A new migraine drug that can halve the length of attacks has been hailed as “the start of real change” in how the condition is treated. Erenumab, a laboratory-made antibody that blocks a neural brain pathway called CGRP, is the first drug in 20 years proven to prevent migraine attacks. Phase three trial data on nearly 1,000 patients showed that it typically cut between three and four “migraine days” per month. In half the patients treated, migraine duration was reduced at least by half.
Migraines are characterised by an intense, throbbing headache, sensitivity to light and noise, nausea, vomiting, low energy, and visual disturbances. Attacks can last anything from four to 72 hours. Each year more than 8.5 million people in the UK are thought to suffer migraines: more than the number affected by asthma, diabetes and epilepsy combined.
The condition is linked to depression and sick days caused by migraine are estimated to cost the UK economy more than £2bn per year.
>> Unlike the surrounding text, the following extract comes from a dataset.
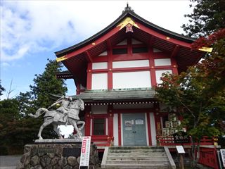 スタートから20数分で御嶽神社の下に。 階段を上がって進み、門をくぐると、騎馬の銅像と宝物殿がありました。 銅像は鎌倉初期の武将、畠山重忠の騎馬像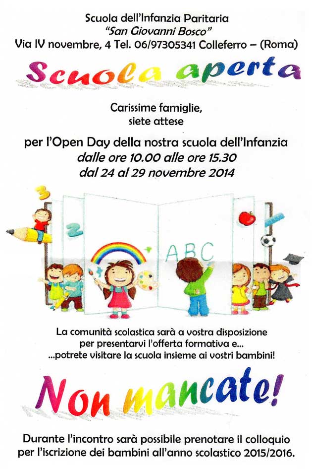 COLLEFERRO (RM) – La Scuola dell’Infanzia Paritaria “San Giovanni Bosco” ha organizzato un interessante “Scuola Aperta” dedicato alle famiglie da Lunedì 24 a Sabato 29 Novembre.

The trial, called Strive, compared patients taking erenumab for six months with others given a non-active placebo dummy drug.
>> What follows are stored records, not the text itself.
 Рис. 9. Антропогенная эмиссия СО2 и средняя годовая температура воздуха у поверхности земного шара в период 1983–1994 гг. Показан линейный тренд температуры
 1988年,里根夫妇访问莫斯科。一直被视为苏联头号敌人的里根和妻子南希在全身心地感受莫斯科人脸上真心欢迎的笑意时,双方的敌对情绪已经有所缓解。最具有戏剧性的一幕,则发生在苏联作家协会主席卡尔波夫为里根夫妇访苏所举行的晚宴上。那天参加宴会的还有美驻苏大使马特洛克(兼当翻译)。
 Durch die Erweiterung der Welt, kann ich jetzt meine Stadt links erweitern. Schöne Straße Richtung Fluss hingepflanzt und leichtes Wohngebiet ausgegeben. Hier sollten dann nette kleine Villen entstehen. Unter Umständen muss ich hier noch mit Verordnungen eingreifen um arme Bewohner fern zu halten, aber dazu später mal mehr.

The research revealed that by months four to six, at least a 50% reduction in mean migraine days per month was achieved for just over 43% of patients injected under the skin with 70-mg of erenumab each month, while half of patients injected with the higher dose of 140-mg had such results. However, those given a placebo also saw benefits, with 26.6% of participants in this group experiencing such a reduction.
Lead investigator Prof Peter Goadsby, from King’s College hospital, London, said: “Strive … represents an incredibly important step forward for migraine understanding and migraine treatment.”
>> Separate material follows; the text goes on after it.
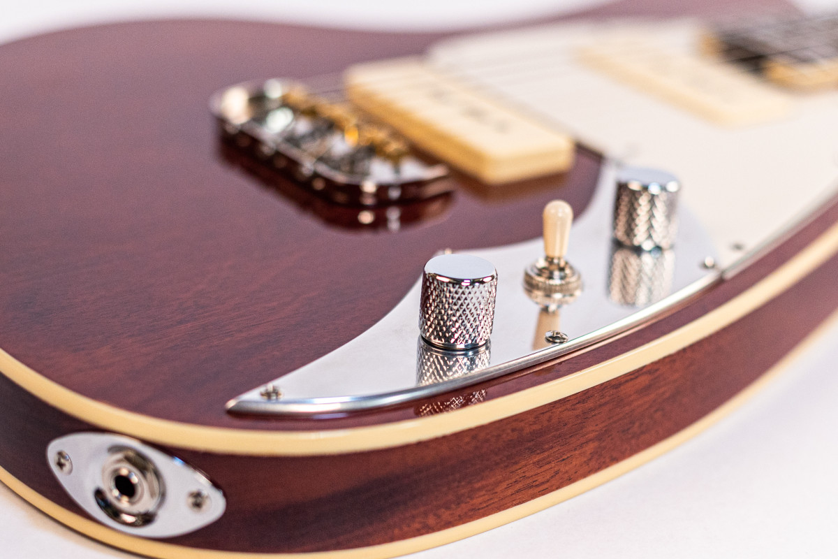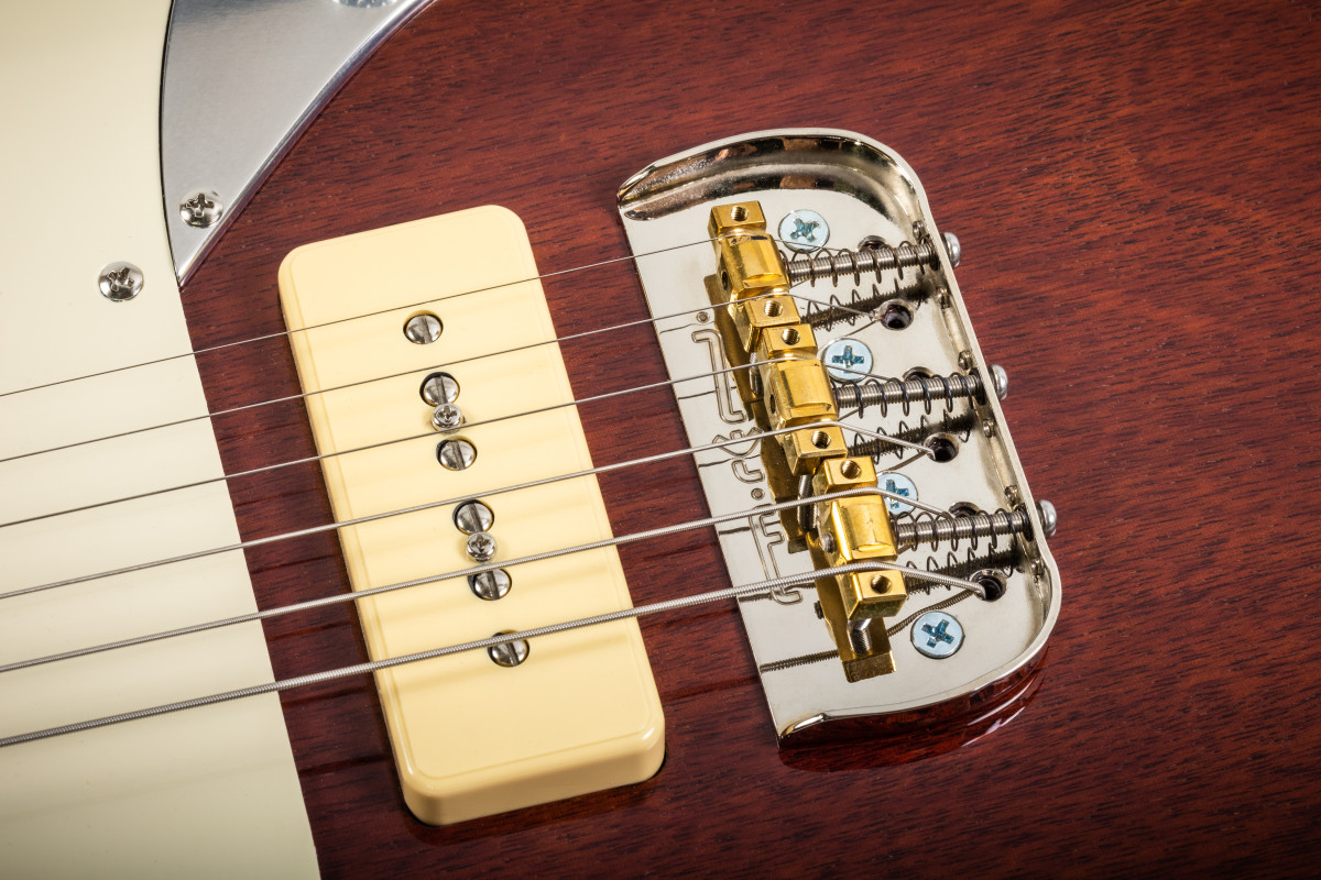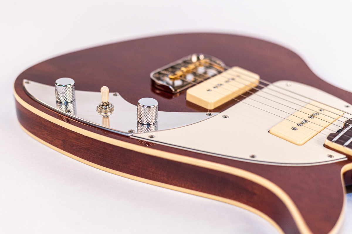 Pastillas p90 de nuevo diseño, bobinado especial, bases de níquel puro, alnico 3 de medida especial también. Super equilibradas, la de mástil no se pasa de grave, la de puente no se pasa de hiriente, son comedidas, llenas de matices, y muy muy silenciosas.

The findings, reported in the New England Journal of Medicine, clearly showed that blocking the CGRP pathway could reduce the impact of migraine, he said. “The results of Strive represent a real transition for migraine patients from poorly understood, re-purposed treatments, to a specific migraine-designed therapy.”
Simon Evans, chief executive of the charity Migraine Action, said: “Migraine is too often trivialised as just a headache when, in reality, it can be a debilitating, chronic condition that can destroy lives. The effects can last for hours, even days in many cases.
“An option that can prevent migraine and that is well tolerated is therefore sorely needed, and we hope that this marks the start of real change in how this condition is treated and perceived.”
“Broadly speaking I think this is a very interesting study and I think it is a good step forward for the field and I think it is a good day for migraine sufferers,” said professor Zameel Cader, Director of the Oxford Headache Centre who was not involved in the research, pointing out that the results were on a par with currently available therapies for migraine.
“Placebo responses [in migraine studies] are quite high and I think that is partly due to the subjective nature of pain and because of the strong psychological effects that being treated have on that experience of pain and those symptoms,” he said, adding that injections generally result in an even stronger placebo effect than tablets.
Cader said that he too was looking at running trials using antibodies, and said he was excited about the approach since it might result in fewer side effects than current therapies, and would mean individuals would not have to remember to take a table every day.
“This is probably the first example of a migraine preventing drug that was rationally designed, rather than serendipitously found,” he added.